С увлечением я погрузился в эту новую работу: лето Семнадцатого, осень Семнадцатого, Октябрьский переворот, потом сильно затменные, затемнённые ближайшие недели после него, — многое прикрыто, нелегко найдёшь. И от каждого месяца заново ознобляешься: поразительной психологической похожестью того времени — на наше, когда в радости освобождения, но так же и в легкомыслии проносятся решающие для будущего России дни.

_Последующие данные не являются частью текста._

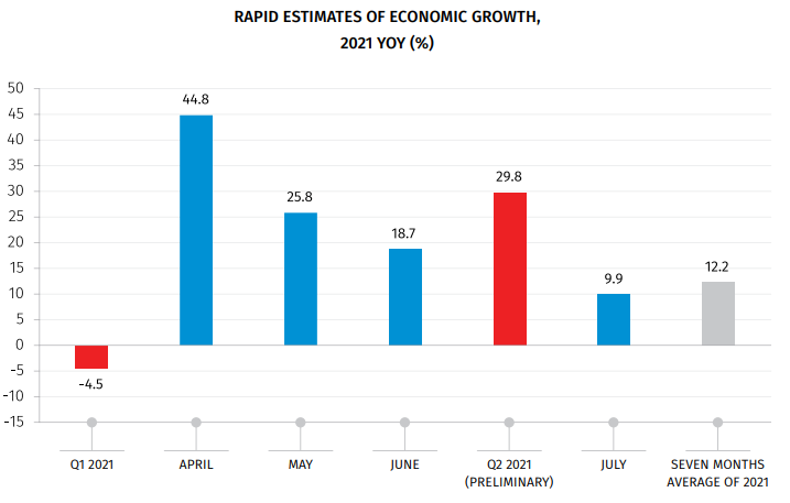 Estimated real Gross Domestic Product (GDP) growth rate in July 2021 equaled 9.9 percent YoY and 12.2 percent in January-July of 2021 YoY.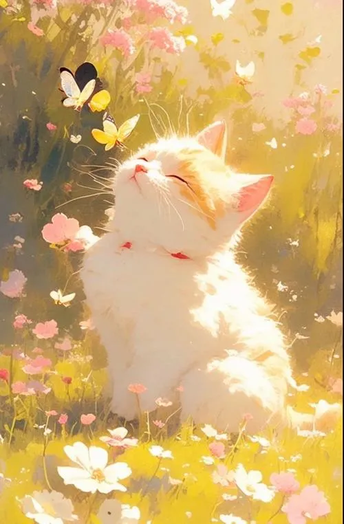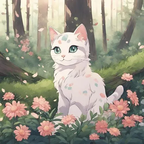 Hình mèo trắng anime ngồi giữa rừng hoa, ánh nắng rải nhẹ, vibe chữa lành rất hợp nền.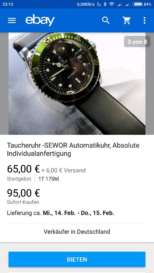 Man beachte den Startpreis und noch viel mehr den Sofort-Kaufen-Preis. Das genau dieses Modell häufig überteuert bei Ebay angeboten wird ist ja schon normal. Das jemand seinen Schnitt machen will OK. Aber der hier aufgerufene Preis schlägt dem Fass den Boden aus. Vielleicht kauft man auch die fiktive Prosa der Artikel-Beschreibung mit, z. B. "Diese Uhr ist eine elegante Individualuhr Made in Germany."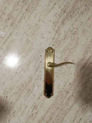 6 Juegos de manillas para puerta con acabado dorado (1 con condena para servicio) + 1 manilla a izquierdas troquelada para cerradura de entrada. - Placa alargada con forma. - Manilla curva.
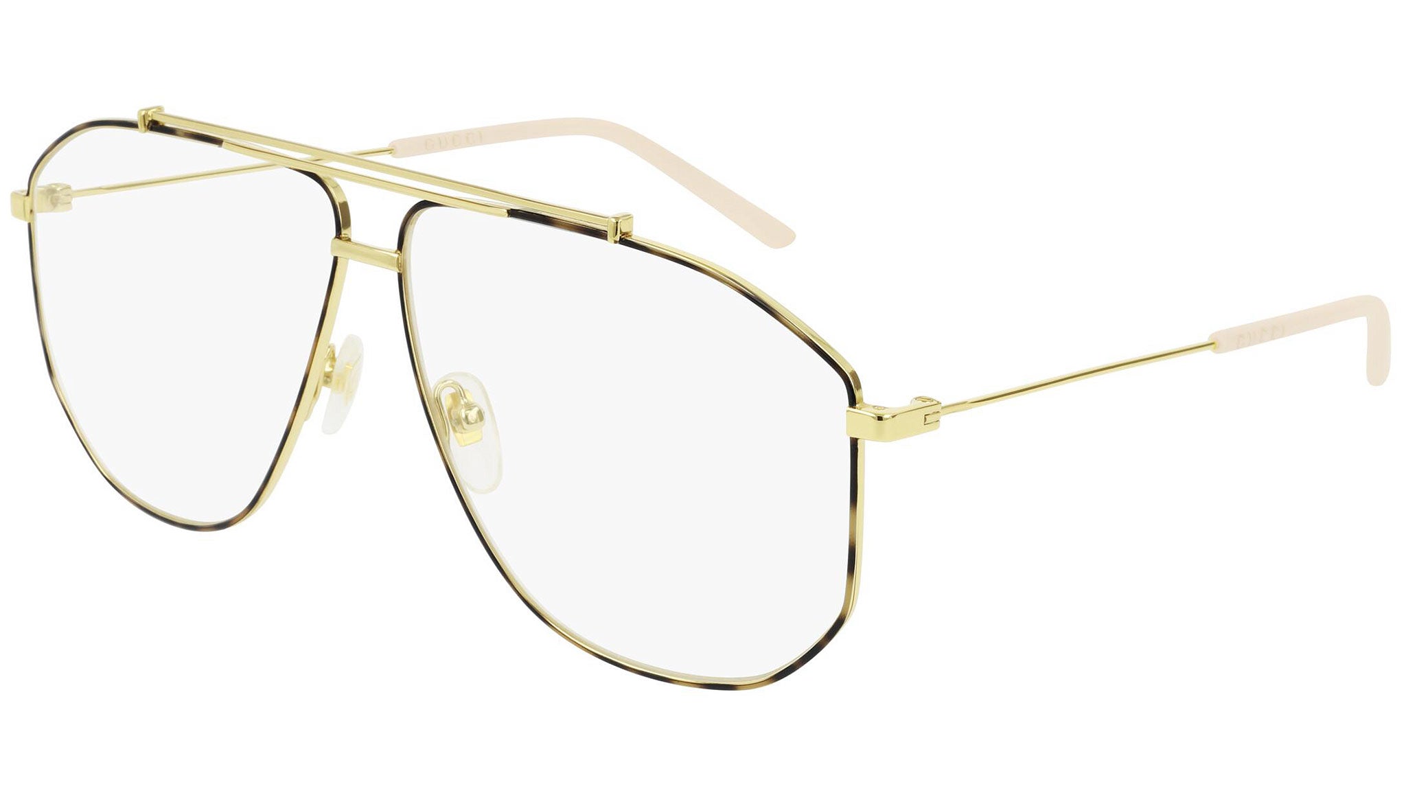 Gucci optical collection model GG0441O 003 featuring shiny endura gold j5g frame and gold temple. Gucci Eyewear offer eclectic and contemporary creations that represent the pinnacle of Italian craftsmanship and are unsurpassed in quality, attention to detail and imaginative design. Buy your frames online and take them to your local optician to fit prescription lenses.
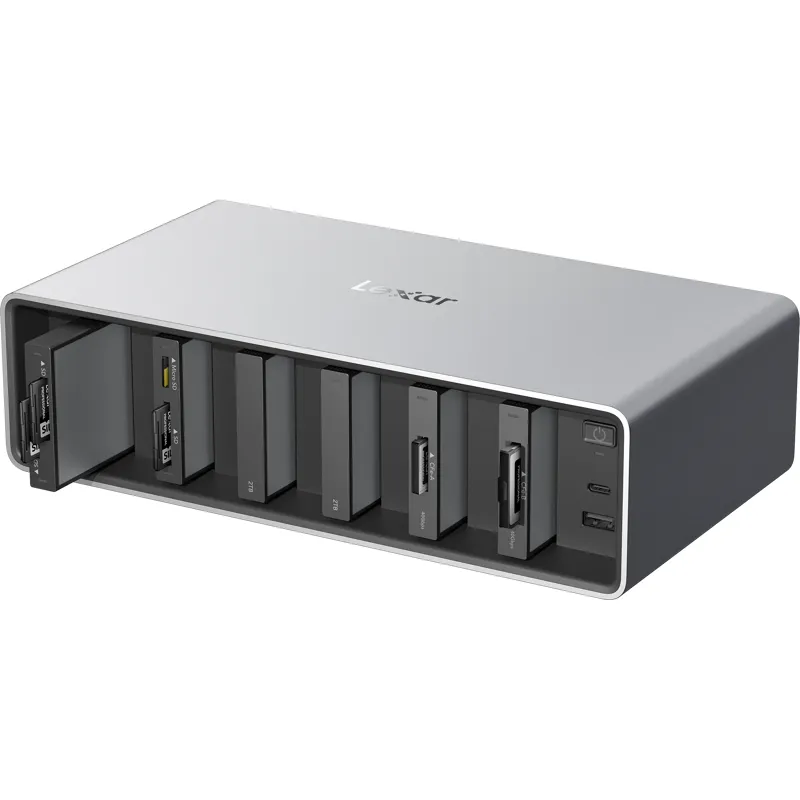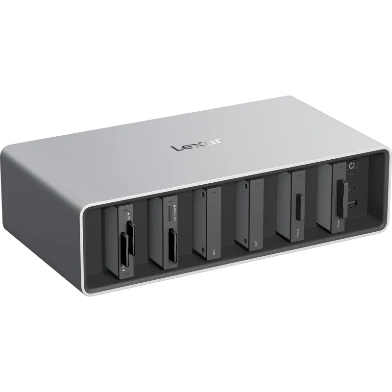 Apvienojiet līdz sešiem lasītājiem un portatīvajiem SSD moduļiem, lai izveidotu labāko darba plūsmu jūsu pēcapstrādes procesam. Savienojiet līdz 6 dokiem paplašinātām iespējām.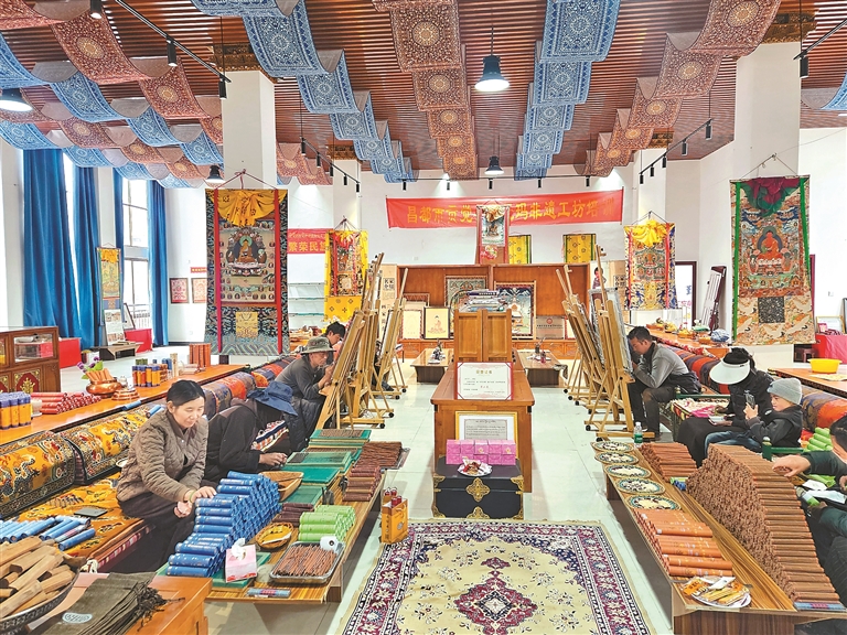 合作社成立后,始終秉持開放包容的理念。西繞尼瑪堅持技藝共享、共同致富,每年都會在村內(nèi)外定期開展免費培訓,毫無保留地傳授自己的心得經(jīng)驗。他的真誠吸引了桑珠榮村的男女老少,無論是白發(fā)蒼蒼的長者,還是年僅10歲的孩童,都會在空余時間來此學習。不僅如此,對于參與唐卡創(chuàng)作或藏香制作的村民,合作社還會按每日100元的標準支付勞動報酬,切實保障了大家的收益。據(jù)不完全統(tǒng)計,自2017年孵化基地建成以來,合作社已累計舉辦各類培訓40余場,接待了眾多考察交流團體。
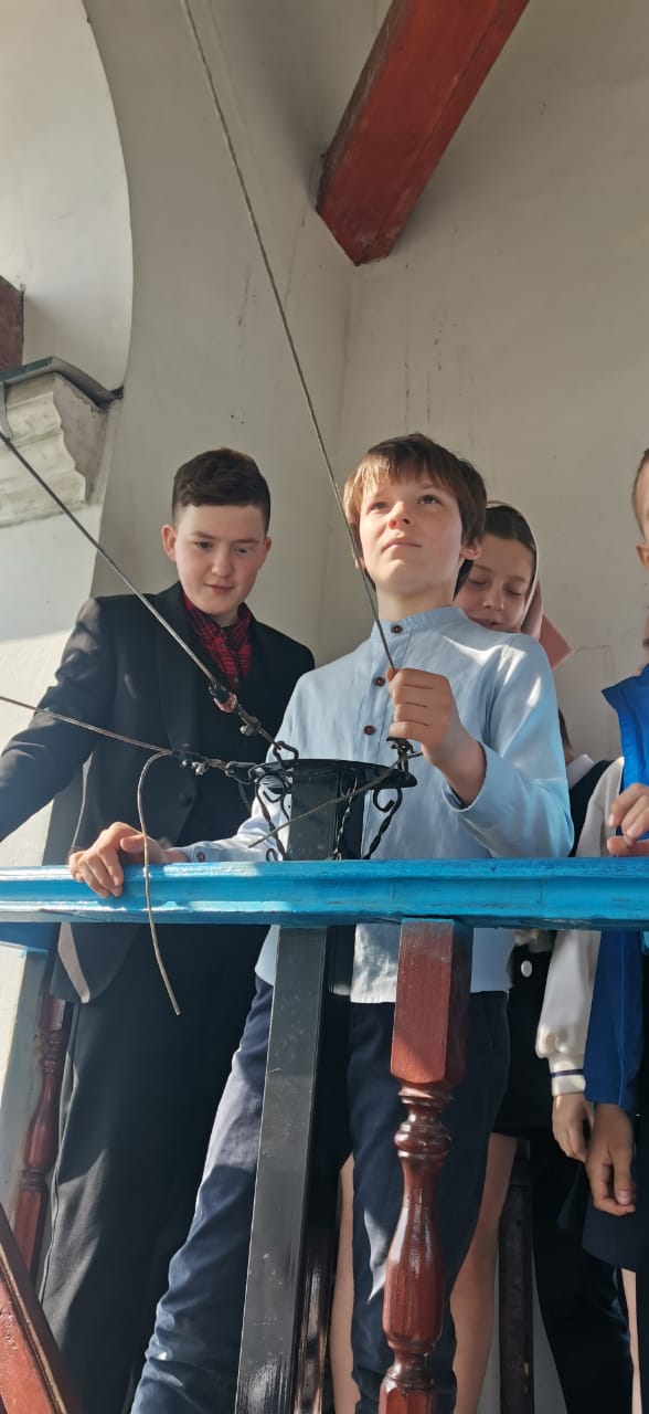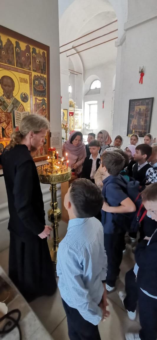 Клирик храма священник Димитрий Шаповалов провел ребятам экскурсию, рассказал об устройстве храма, иконах, празднике Пасхи и Христовом Воскресении. Затем учащиеся поднялись на колокольню, где позвонили в колокола. Закончилась экскурсия чаепитием.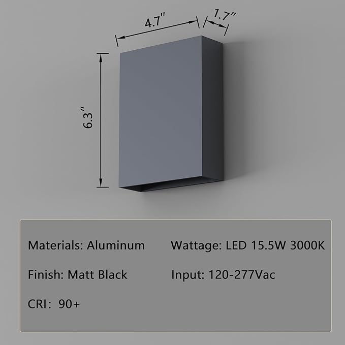 - 【120-277V Input Voltage】Compatible with 120-277V voltage, this wall light fixtures can be widely used for home or any projects need. This rectangular up and down wall lamp offers modest lighting for indoor or outdoor places and becomes an unique decoration choice for your house.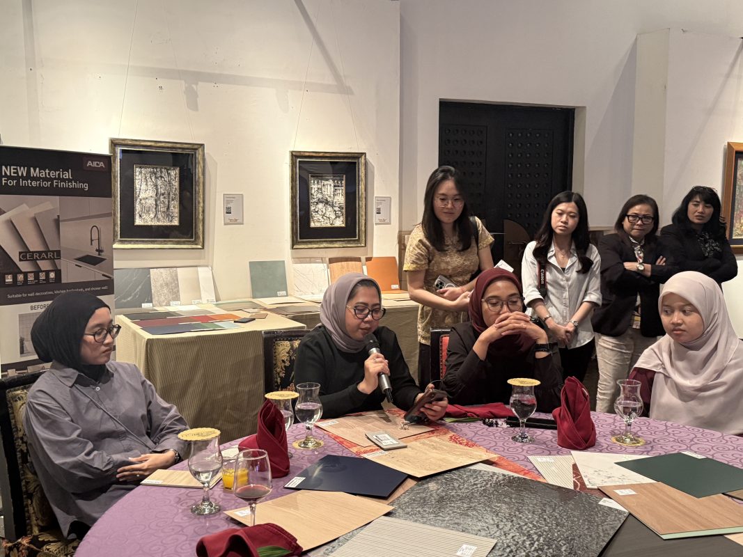 Sementara itu, AICA Indonesia diwakili oleh Yuta Nakanishi, yang menyoroti peran AICA dalam mengembangkan material dekoratif berkualitas tinggi di Indonesia. AICA Indonesia sendiri merupakan bagian dari grup AICA Asia Laminates yang fokus menyediakan produk seperti AICA HPL, Cerarl, dan Thoughtop. Dengan pabrik modern dan distribusi luas di Indonesia, AICA berperan penting dalam menyediakan material inovatif untuk interior, furnitur, dan arsitektur modern yang berkelanjutan.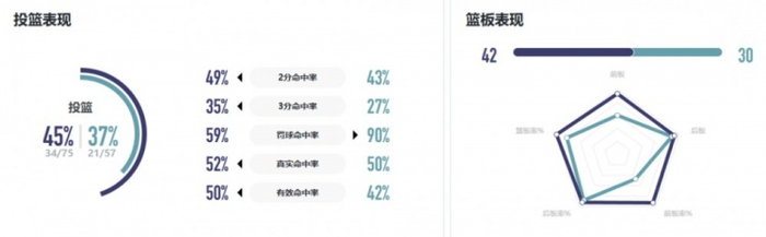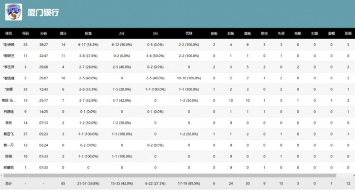球队方面,厦门银行整体投篮命中率37%,低于对方的45%,除了罚球命中率90%明显高于对手,其他方面的命中率都不及对手。篮板上厦门银行同样处于劣势,只有30个明显少于对手的42个。失误数16次是对手的两倍之多。球员方面,彭诗晴、赖婷艺和谢泼德三人得分上双,马歇尔则有10个篮板球入账。

Работа оказалась ещё объёмистее, чем я ожидал, гораздо дольшей. Пришлось читать и ещё много газет того времени — в поисках деталей и настроений. Конечно, рядовой читатель не будет в такой сжатой форме читать, но — любознательные к истории. Зато — ощущение доконченности Постройки.
Аля же в соработе над «Колесом» когда по 12 часов в день, а то доходило и до 16, понимая весь этот труд наш как «расколдованье заклятия» в нашей истории, — теперь рубеж окончания испытывала не меньше меня. Её первое касание к «Колесу» зародилось от самого начала моей работы, это совпало с началом нашей близости. Двадцать лет мощным полем книга пронизала нашу с ней жизнь. (Знакомые спрашивали: «Да как вы переносите такое лесное одиночество?» Она отвечала: «Когда так одиноки — тогда-то и работается, ощущение постоянно бьющего гейзера».)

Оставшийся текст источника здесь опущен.